Time to Prepare: 20 minutes

Time to cook: 40 minutes

1-hour total time

This foolproof recipe will teach you how to create the best French ratatouille! The secret is to roast the vegetables first, then add them to a tomato sauce that is simmering. This recipe makes 4 substantial servings or 6 smaller dishes.

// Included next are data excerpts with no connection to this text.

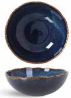
P1503011 NEW BOWL BOWL Ø20x7cm (120c1) | 6u.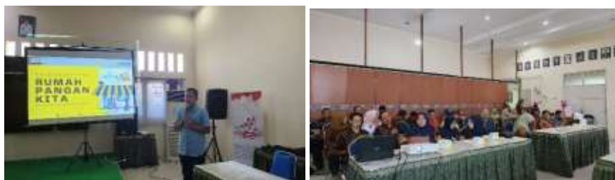
Gambar 2. Kerjasama dengan BULOG

Indikator ini mencakup peran pemerintah sebagai Dinamisator, yaitu pemerintah menggerakkan partisipasi multi pihak (mendorong dan memelihara dinamika pembangunan daerah) jika terjadi kendala-kendala dalam proses pembangunan. Peran dinamisator oleh Dinas PMD dilaksanakan melalui pembangunan kemitraan antara BUMDesa dan pihak luar, seperti investor, sektor swasta, atau lembaga pemerintah lainnya. Hal tersebut diberikan melalui kegiatan Kerjasama BUMDesa dan BUMDesma dengan dinas yaitu Disperindag serta dengan BUMN yaitu Perum BULOG. Ruang lingkup kerjasama yang ditawarkan meliputi Pemberdayaan dan pengembangan BUM Desa dan BUM Desa Bersama dalam rangka stabilisasi harga pangan di Provinsi Jawa Timur. Distribusi penyaluran beras SPHP (Stabilisasi Pasokan dan Harga Pangan), serta Penjualan dan pembelian komoditi pangan pokok komersial dan PSO ( Public Service Obligation )/Pelayanan Publik. Berikut ini adalah dokumentasi saat Dinas PMD memfasilitasi BULOG untuk melakukan paparan terkait kerjasama yang ditawarkannya kepada pengurus desa/BUMDesa yang sudah hadir.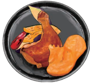
CHICKEN CONFIT w/ Salsa Romesco 奥の都どりのコンフィ 焼きパプリカとナッツのロメスコソース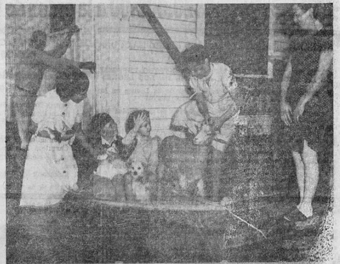
Esta familia no olvidó a sus animales preferidos cuando se vió obligada recientemente a abandonar su hogar en la Louisiana, Estados Unidos de América, al aproximarse uno de los ciclones que po resta época asolan generalmente esa área.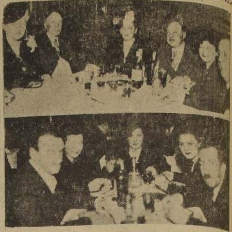
Families asistentes al dinner-dansant del miércoles último con que se animan semanalmente las agradables reuniones en la prestigiosa institución social de la calle Catedral.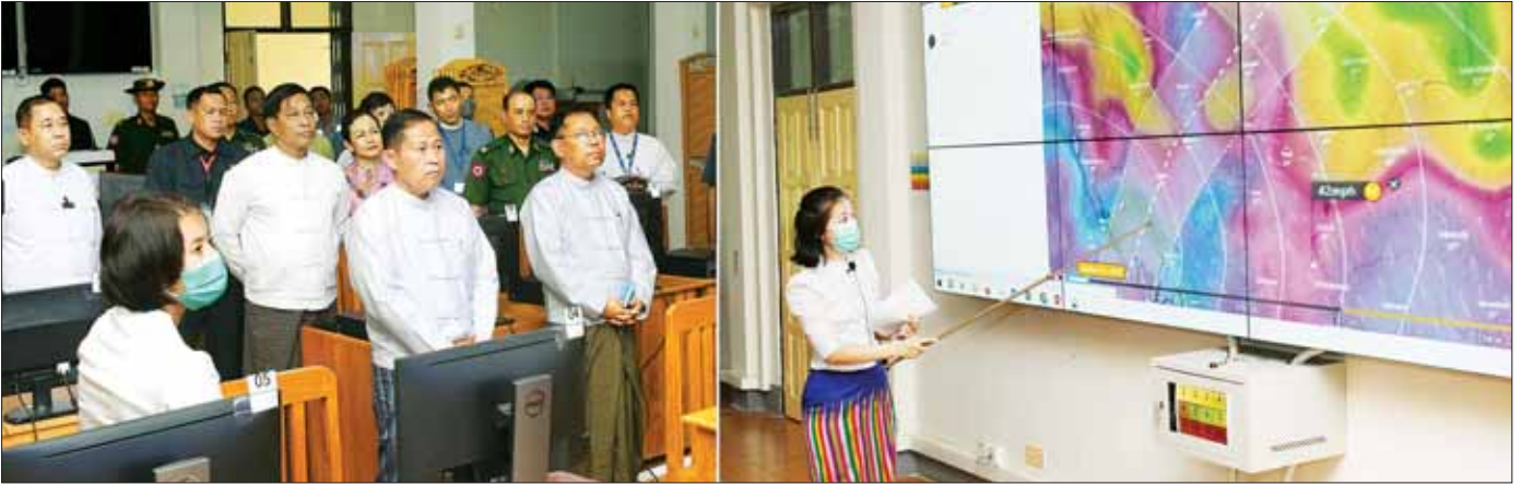
နိုင်ငံတော်စီမံအုပ်ချုပ်ရေးကောင်စီ ဒုတိယဥက္ကဋ္ဌ ဒုတိယဝန်ကြီးချုပ် ဒုတိယဗိုလ်ချုပ်မှူးကြီး စိုးဝင်းနှင့် အဖွဲ့ဝင်များအား အရေးပေါ်အခြေအနေ စီမံခန့်ခွဲမှုဗဟိုဌာန၌ ဌာနမှူး ဒေါ်သီရိမောင် က အလွန်အလွန် အားကောင်းသော ဆိုင်ကလုန်းမုန့်တိုင်း (မိုခါ) ၏ လက်ရှိဖြစ်ပေါ်လျက်ရှိသည့် အခြေအနေများကို ရှင်းလင်းတင်ပြခဲ့ပါ။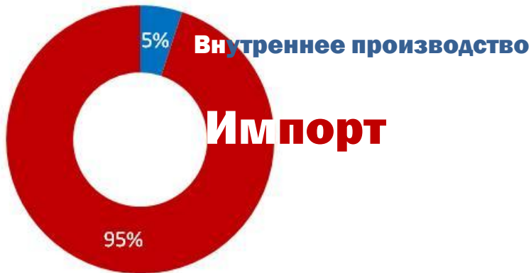
Рынок одежды в РК (2011)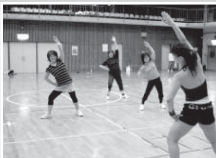
音楽にあわせてリズムよく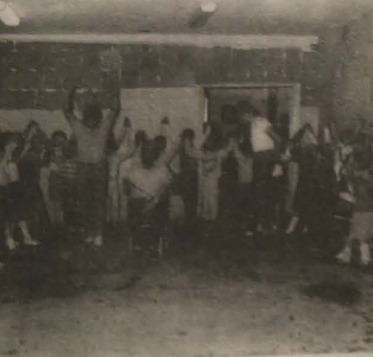
Το ημίμα αρχαρίων στην ώρα του μαθήματος.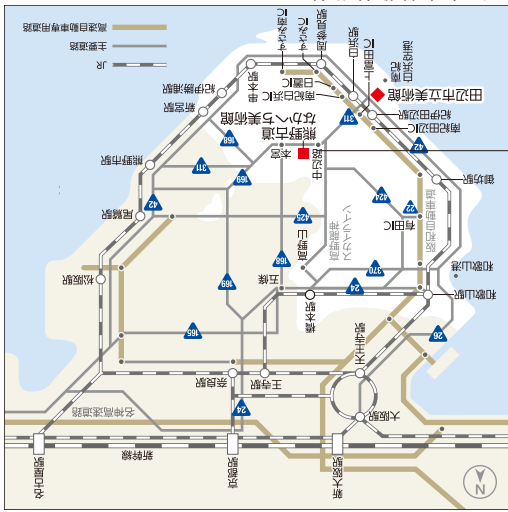
アケスアツツ・和歌山県周辺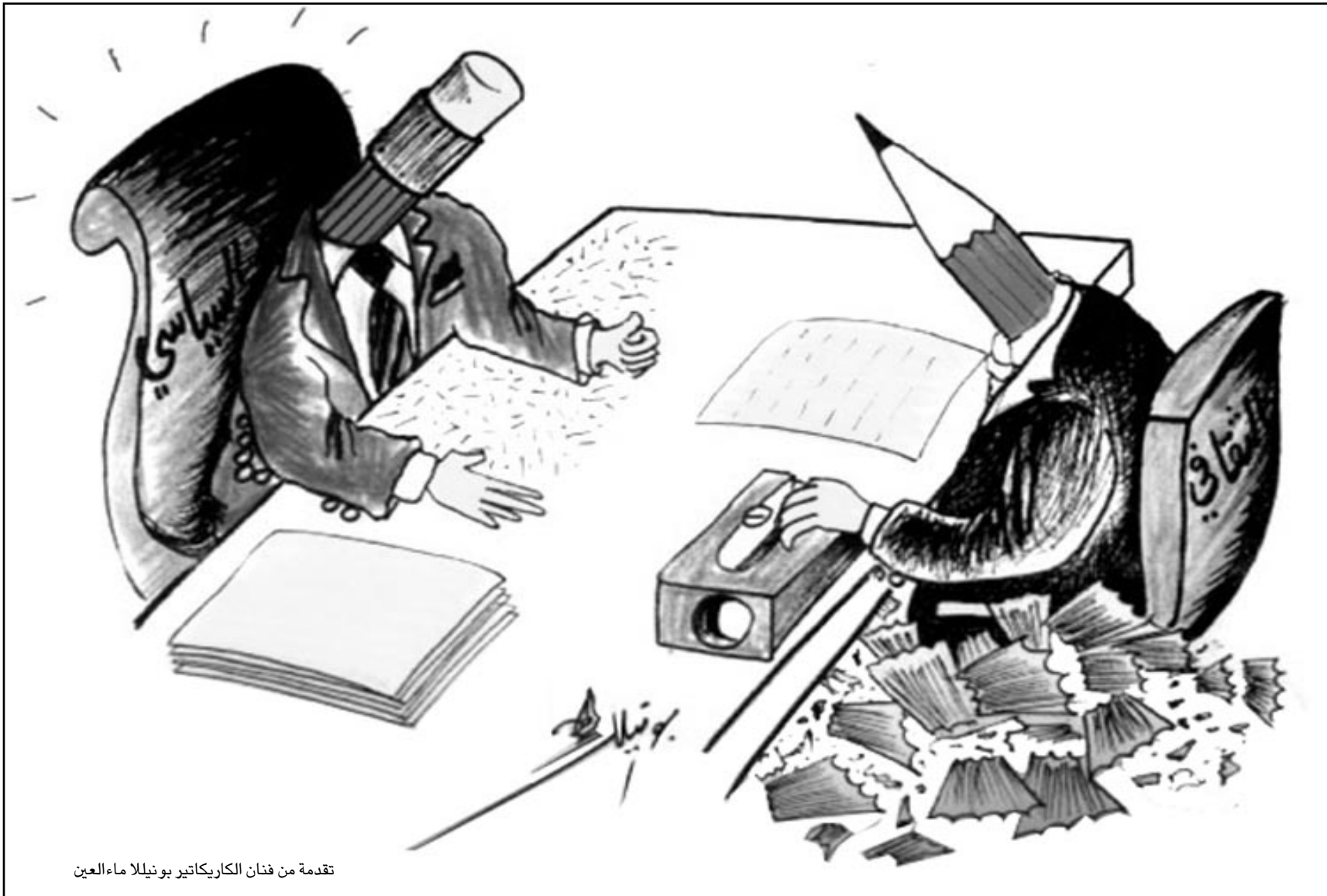
تقدمة من فنان الكاريكاتير بونيللا ماء العين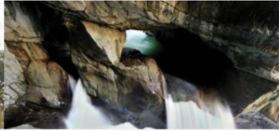
Seminar vodi Robi Lavin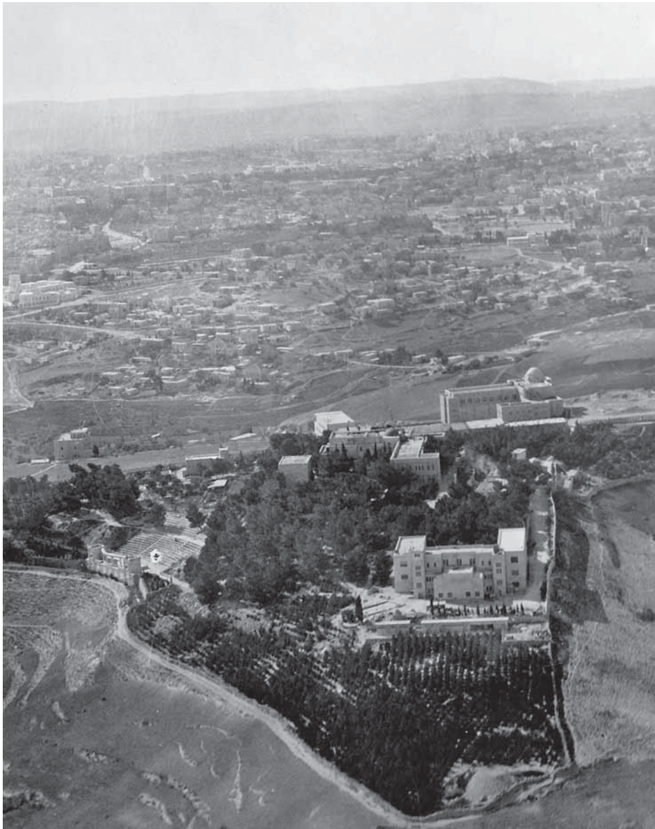
תצלום אוויר של אזור הר הצופים, 1937

ההסתדרות הציונית שבתקנון שלו נקבע – על פי עקרון הקרקע הלאומית ובהיותה באת כוחו של העם היהודי – כי הקרקעות שרכשה עתידות להישאר בידיה לצמיתות. 27 על כן סברה שרק היא תוכל לשמור הן על הקרקעות והן על זהותם הלאומית-הציונית של המוסדות הציבוריים שיוקמו עליהן,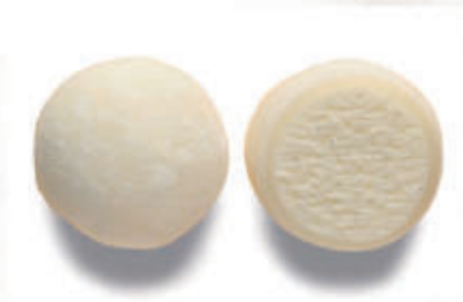
503. MOCHI VANIGLIA 2PZ € 4,00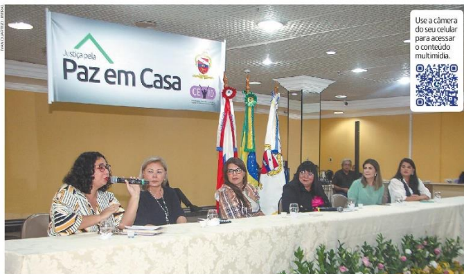
A Semana da Justiça pela Paz em Casa, promovida pelo CNJ, vai até sexta-feira

MUTIRÃO - Judiciário realiza semana em prol do Dia Internacional da Mulher, com ações que visam, entre outras coisas, agilizar os processos relacionados à violência de gênero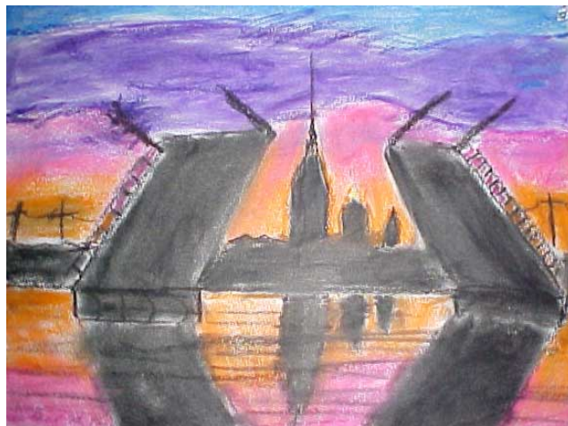
рис. Соловьева Ж., 5 кл.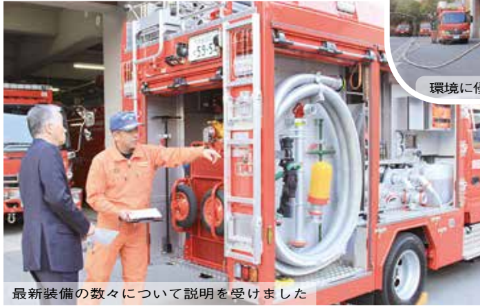
最新装備の数々について説明を受けました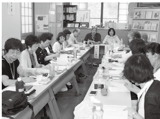
第9回 虚子記念館句会 スタッフ俳人とともに

特選 第9回 記念募集句(2日目) 伊藤伊那男 選 丘の墓直立不動にて灼くる 奥坂まや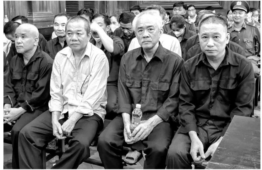
● Một số bị cáo trong phiên xử.

Bản án xác định, nhằm thu hút số học viên đăng ký, tăng doanh thu cho các Trung tâm đào tạo lái xe, lãnh đạo các trung tâm đã đưa ra chủ trương không yêu cầu học viên tham gia học lý thuyết, thực hành và thi hết môn theo quy định mà chỉ hợp thức hóa số buổi học và kết quả thi. Sau đó, lãnh đạo các trung tâm chỉ đạo nhân viên, giáo viên không tổ chức học tập trung, phân công kỹ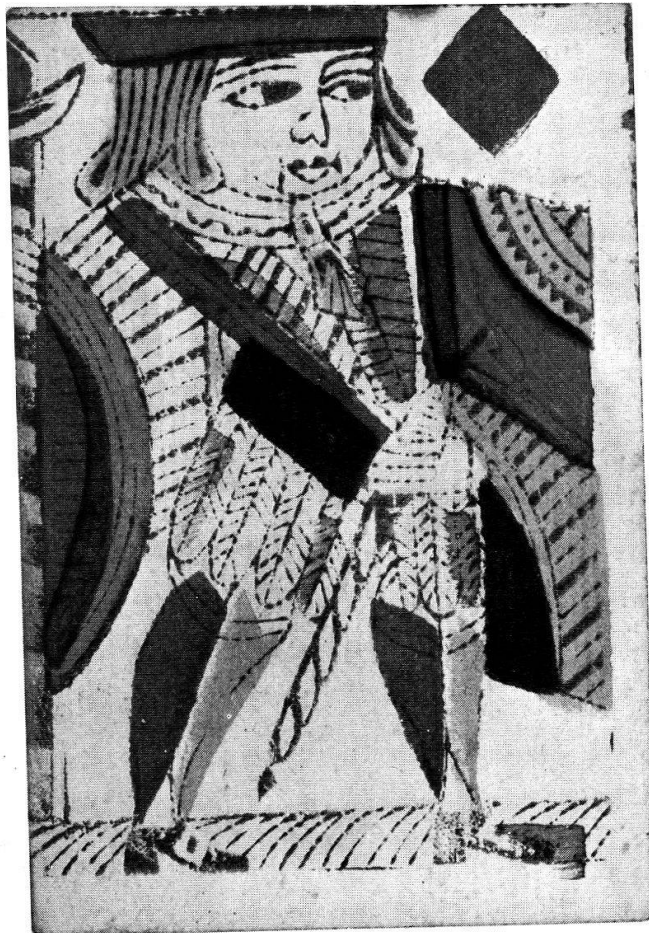
Karo-Bube, Holzschnitt, koloriert, London, 18. Jahrhundert

  • 2 pounds ripe red tomatoes (6 medium or 4 large)
  • 1 medium eggplant (1 pound), diced into ½-inch cubes
  • 1 large red, orange, or yellow bell pepper (about 8 ounces), cut into ¾-inch squares
  • 5 tablespoons + 1 teaspoon extra-virgin olive oil, divided
  • 1 medium-to-large zucchini (about 8 ounces), diced into ½-inch cubes
  • 1 large yellow squash (about 8 ounces), diced into ½-inch cubes
  • ¾ teaspoon fine sea salt, divided, more to taste
  • 1 medium yellow onion, chopped
  • ¼ cup chopped fresh basil
  • ¼ teaspoon red pepper flakes, more or less to taste
  • 4 cloves garlic, pressed or minced
  • ¼ teaspoon dried oregano
  • Freshly ground black pepper, to taste


  1. Preheat the oven to 425 degrees Fahrenheit and place one rack in the middle and another in the upper third. If preferred, line two large, rimmed baking pans with parchment paper for easier cleanup.
  2. With a paring knife, remove any woody cores from your tomatoes. Then, using the large holes of a box grater, grate them into a bowl (holding the tomato at a diagonal makes this easier), and cut any residual tomato peel. Alternatively, whiz the tomatoes in a food processor until they’re a frothy pulp. Remove from the equation.
  3. Toss the diced eggplant with 2 tablespoons olive oil on a baking pan until lightly coated. Set aside the eggplant in a single layer over the pan, and sprinkle with 1/4 teaspoon of salt.
  4. Toss the bell pepper, zucchini, and yellow squash with 1 tablespoon olive oil and 1/4 tsp salt on the other baking sheet. Arrange the vegetables in a single layer on the baking sheet. The eggplant pan should go on the center rack, and the other vegetables should go on the top rack. Make a 15-minute timer on your clock.
  5. Meanwhile, in a large Dutch oven or soup pot, warm 2 tablespoons of olive oil over medium heat. 14 teaspoon salt and the onion Cook, stirring occasionally, for 8 to 10 minutes, or until the onion is soft and caramelizing on the edges.
  6. Stir in the garlic and simmer for 30 seconds, or until fragrant. Add the tomatoes and toss in any browned pieces from the bottom of the pan with a wooden spoon or a firm silicone spatula. Reduce the heat to medium-low, or as needed, to keep the sauce simmering gently.
  7. Remove both pans from the oven after 15 minutes, mix, and spread the contents evenly over the pans. Place the eggplant on the top rack and the rest of the vegetables on the middle rack this time.
  8. Bake for another 10 minutes, or until the eggplant is beautiful and brown on the edges (the eggplant will be done sooner than the rest). Remove the eggplant from the oven and carefully toss it into the tomato sauce that is cooking.
  9. Allow the squash and bell pepper pan to bake for another 5 to 10 minutes, or until the peppers are caramelized. Then, pour the contents of the pan into the sauce that is simmering. Continue to cook for another 5 minutes to allow the flavors to mingle.
  10. Turn off the heat in the pot. 1 teaspoon extra virgin olive oil, fresh basil, and red pepper flakes As you drop the dried oregano into the pot, crumble it between your fingers. Season with extra salt and black pepper to taste (I generally add 14 tsp more).
  11. Serve in dishes with a drizzle of extra virgin olive oil, chopped basil, and black pepper on top (all optional). The flavor of this ratatouille improves as it cools, as it does with all stews. The next day, reheated, it’s even better. Ratatouille will keep in the refrigerator for 4 days if covered, or in the freezer for several months.


  • SERVING RECOMMENDATIONS: This stew is delicious on its own, or served with crusty (possibly toasted) bread, Parmesan cheese, fried eggs, or pasta.